At the instant a race began, a 60-kg sprinter exerted a force of 669-N on the starting block at a 24 angle with respect to the ground. If this force was exerted for 0.44-s, with what speed (in m/s) did the sprinter leave the starting block?
Fx = 669 cos 24
change in x momentum or impulse = Fx t
so
669 cos 24 * .44 = 60 v
To find the speed with which the sprinter leaves the starting block, we need to apply Newton's second law of motion, which states that the net force applied to an object is equal to the product of its mass and acceleration. In this case, the sprinter exerts a force on the starting block, and the reaction force from the block propels the sprinter forward.
First, we need to resolve the force into its vertical (F_vertical) and horizontal (F_horizontal) components using trigonometry.
F_vertical = F * sin(theta)
F_horizontal = F * cos(theta)
where F is the magnitude of the force applied (669 N) and theta is the angle with respect to the ground (24 degrees).

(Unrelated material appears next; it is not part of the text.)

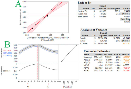 Plot comparing actual vs. predicted values for response (DPPH assay, μM TEAC) (plot A) and desirability function (plot B) for DPPH-optimized radical scavenging activity of tocopherol mixtures. Statistics for evaluation of the model that was developed are provided in the inset tables. Asterisks and colored values indicate statistically significant values.

F_vertical = 669 N * sin(24) = 669 N * 0.3953 ≈ 264.51 N
F_horizontal = 669 N * cos(24) = 669 N * 0.9187 ≈ 613.68 N
The vertical component of the force does not contribute to the sprinter's horizontal acceleration since it acts perpendicular to the sprinter's motion. Thus, we only need to consider the horizontal component.
Next, we can calculate the acceleration (a) of the sprinter using Newton's second law:
F_horizontal = m * a
where m is the mass of the sprinter (60 kg). Rearranging the equation, we have:
a = F_horizontal / m = 613.68 N / 60 kg ≈ 10.23 m/s^2
Finally, we can use the equation of motion to find the speed (v) of the sprinter when leaving the starting block:
v = u + a * t
where u is the initial velocity (which is zero in this case), a is the acceleration, and t is the time interval for which the force is applied.
Substituting the known values:
v = 0 + (10.23 m/s^2) * 0.44 s ≈ 4.51 m/s
Therefore, the sprinter leaves the starting block with a speed of approximately 4.51 m/s.